HMG-CoA還元酵素阻害剤を有効成分とする象牙質形成促進剤。
HMG-CoA還元酵素阻害剤が、プラバスタチン、シンバスタチン、フルバスタチン、アトルバスタチン、ロスバスタチン、メバスタチン、ロバスタチン、ピタバスタチン、およびこれらの塩からなる群から選択される少なくとも１つである請求項１に記載する象牙質形成促進剤。
HMG-CoA還元酵素阻害剤を有効成分とする象牙質形成覆髄材。
HMG-CoA還元酵素阻害剤が、プラバスタチン、シンバスタチン、フルバスタチン、アトルバスタチン、ロスバスタチン、メバスタチン、ロバスタチン、ピタバスタチン、およびこれらの塩からなる群から選択される少なくとも１つである、請求項２に記載する象牙質形成覆髄材。
象牙芽細胞に分化可能な細胞を、HMG-CoA還元酵素阻害剤の存在下で培養する工程を含む、象牙芽細胞の製造方法。
象牙芽細胞に分化可能な細胞が、歯髄幹細胞、歯乳頭由来幹細胞、および象牙芽細胞前駆細胞からなる群から選択される少なくとも１つである、請求項５に記載する象牙芽細胞の製造方法。
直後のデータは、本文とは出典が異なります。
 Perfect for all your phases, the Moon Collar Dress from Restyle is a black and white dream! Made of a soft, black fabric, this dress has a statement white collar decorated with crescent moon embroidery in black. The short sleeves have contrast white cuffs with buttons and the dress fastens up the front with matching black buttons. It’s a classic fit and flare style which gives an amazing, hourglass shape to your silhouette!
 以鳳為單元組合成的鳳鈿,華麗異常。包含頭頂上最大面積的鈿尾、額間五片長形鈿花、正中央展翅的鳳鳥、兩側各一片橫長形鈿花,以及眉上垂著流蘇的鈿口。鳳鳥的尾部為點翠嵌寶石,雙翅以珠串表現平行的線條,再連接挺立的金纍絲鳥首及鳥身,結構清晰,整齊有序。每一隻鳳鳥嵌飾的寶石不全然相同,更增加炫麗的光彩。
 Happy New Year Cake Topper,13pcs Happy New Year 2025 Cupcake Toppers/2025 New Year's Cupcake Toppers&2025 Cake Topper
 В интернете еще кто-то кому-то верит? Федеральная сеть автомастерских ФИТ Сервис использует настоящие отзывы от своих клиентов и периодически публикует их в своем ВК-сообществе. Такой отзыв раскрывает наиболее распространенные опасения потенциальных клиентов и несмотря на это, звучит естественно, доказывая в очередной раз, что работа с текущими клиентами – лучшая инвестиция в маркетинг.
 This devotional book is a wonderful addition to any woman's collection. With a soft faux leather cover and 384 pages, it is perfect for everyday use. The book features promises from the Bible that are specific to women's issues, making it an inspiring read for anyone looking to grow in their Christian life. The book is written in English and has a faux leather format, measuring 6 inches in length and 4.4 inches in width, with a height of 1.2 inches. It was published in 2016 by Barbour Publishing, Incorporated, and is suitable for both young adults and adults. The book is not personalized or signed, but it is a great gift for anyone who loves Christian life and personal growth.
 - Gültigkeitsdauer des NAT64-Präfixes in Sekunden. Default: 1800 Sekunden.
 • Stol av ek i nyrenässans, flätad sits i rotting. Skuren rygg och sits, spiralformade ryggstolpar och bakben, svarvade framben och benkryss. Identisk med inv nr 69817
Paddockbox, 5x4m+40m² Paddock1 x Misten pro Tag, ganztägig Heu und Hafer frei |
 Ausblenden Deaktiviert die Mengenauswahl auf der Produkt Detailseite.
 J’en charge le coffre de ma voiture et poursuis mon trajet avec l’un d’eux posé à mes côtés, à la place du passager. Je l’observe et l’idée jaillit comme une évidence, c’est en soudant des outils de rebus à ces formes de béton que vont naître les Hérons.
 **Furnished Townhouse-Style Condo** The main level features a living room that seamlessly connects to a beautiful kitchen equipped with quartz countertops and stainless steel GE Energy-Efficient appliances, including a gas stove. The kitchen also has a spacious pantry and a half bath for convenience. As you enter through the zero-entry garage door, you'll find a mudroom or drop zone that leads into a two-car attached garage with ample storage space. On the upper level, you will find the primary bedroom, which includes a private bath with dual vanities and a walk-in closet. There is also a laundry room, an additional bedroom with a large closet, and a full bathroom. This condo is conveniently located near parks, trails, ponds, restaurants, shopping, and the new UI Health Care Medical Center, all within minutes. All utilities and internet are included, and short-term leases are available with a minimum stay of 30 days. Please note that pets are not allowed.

0.1〜10μM濃度のHMG-CoA還元酵素阻害剤の存在下で培養することを特徴とする、請求項５に記載する象牙芽細胞の製造方法。
HMG-CoA還元酵素阻害剤が、プラバスタチン、シンバスタチン、フルバスタチン、アトルバスタチン、ロスバスタチン、メバスタチン、ロバスタチン、ピタバスタチン、およびこれらの塩からなる群から選択される少なくとも１つである、請求項５に記載する象牙芽細胞の製造方法。
請求項５に記載する方法で得られた象牙芽細胞を含む、歯科治療材。
HMG-CoA還元酵素阻害剤の象牙質形成促進剤または象牙質形成覆髄材の有効成分としての使用。